100-Year-Old Holocaust Survivor Recounts Childhood in Nazi Germany

Posted on April 18, 2023

To mark Israel’s Holocaust Remembrance Day, the Adopt-A-Savta organization, an Israeli NGO that pairs elderly Holocaust survivors with young people, invited 100-year-old Holocaust survivor Walter Bingham to address English speakers in the Tel Aviv area at a local synagogue. After a special ceremony in memory of the six million Jews who were murdered in the Holocaust, Bingham, who appeared very lively for his age, told his life story with great passion to the young Tel Aviv residents.

“I was born in Germany many years before Hitler came to power,” Bingham recounted, noting that even though he was born in Germany, he was never granted German citizenship, as both of his parents were Polish Jews. “I was born in 1924, which puts me in my 100th year of life. I was born in Germany when it was a very highly cultured place, the Germany of Beethoven, Bach and Einstein. One can ask themselves: how could such a cultured country sink so low?”

After Kristallnacht, Bingham was one of the children to go on a kinder transport to England: “The British agreed to take 10,000 children over a one-year period till the war broke out. Fortunately, I was one of the ones selected for this transport in 1939. My mother then took me to the train. The parents were heroes. They took their children to the train, knowing that war would break out. I was 15-years-old and street wise at that time. I knew what to behave like under the Nazis. But there were 4-year-old children screaming mommy, mommy, I love you, and mommy was outside.”

According to him, “I was 15-year-olds old and knew why I was going. But those little children did not. One of the things I could not forgive the British for was unaccompanied children. No parents were allowed to go. So, some children went to hostels, some went to foster parents and some went to a family. You did not know where you were going. Now, I belonged to a religious Zionist youth movement, so I went to a kibbutz in Wales. But some children waited for non-Jews to select them to take home.”

“I was there for a few years,” Bingham said. “After that, I left and went to London to find my own way. At that point, I was drafted into the Polish Army in Exile, organized by the government in exile. I was surprised. I went there and said, ‘I cannot go into your army. I have never been to Poland. I don’t speak Polish and know nothing about Poland.’ So, they released me and I went into the British Army.”

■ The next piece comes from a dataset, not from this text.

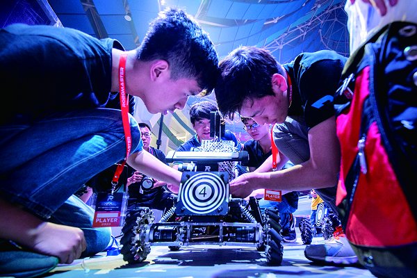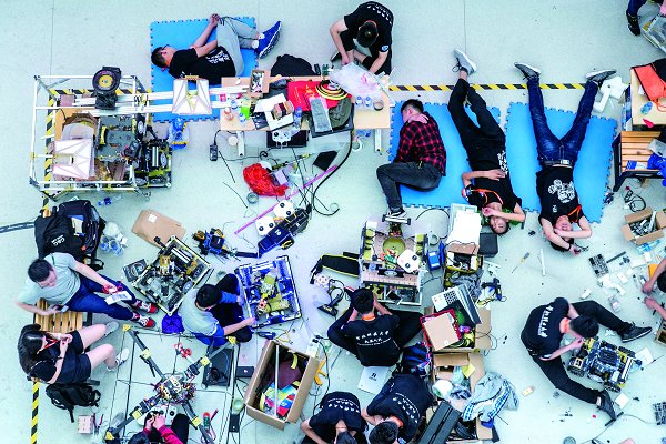 团队合作,情比金坚。斩获北部赛区冠军的山东科技大学SmartRobot队是一支2015年成立的“新兵”,主要由大一、大二本科生组成,比赛中,团队和2004年就已经创立的中国石油大学(北京)SPR队虽然是“敌人”,但在享受酣畅淋漓的比赛的同时,两个团队的队员也相互请教,共同总结经验,建立了珍贵的“亦敌亦友”情谊。获得亚军的哈尔滨工业大学I7Hiter代表队队长黄海说:“我们是一个精诚团结的团队,每个人都是团队的‘螺丝钉’,发挥着不可替代的作用。”SPR队的队长陈佳鹤回顾备赛经历如数家珍,临近比赛,他们要装设备、改代码、做试验、熬通宵赶工保证进度,经常在椅子上和衣而睡。比赛期间,参赛机器人视觉方面遇到问题,整个团队提心吊胆,经过一遍遍调试后恢复正常,全队都舒了一口气。

Bingham served for four years in the British Army. He drove an ambulance during the invasion of Normandy, and later on served as a counter-intelligence officer and got to examine Nazi documents in addition to speaking to Nazi war criminals before they were executed in the Nuremberg trials. After the war, he was able to reconnect with his mother, who managed to survive the war thanks to the Swedish rescuing her from certain death. His father perished in the Warsaw Ghetto.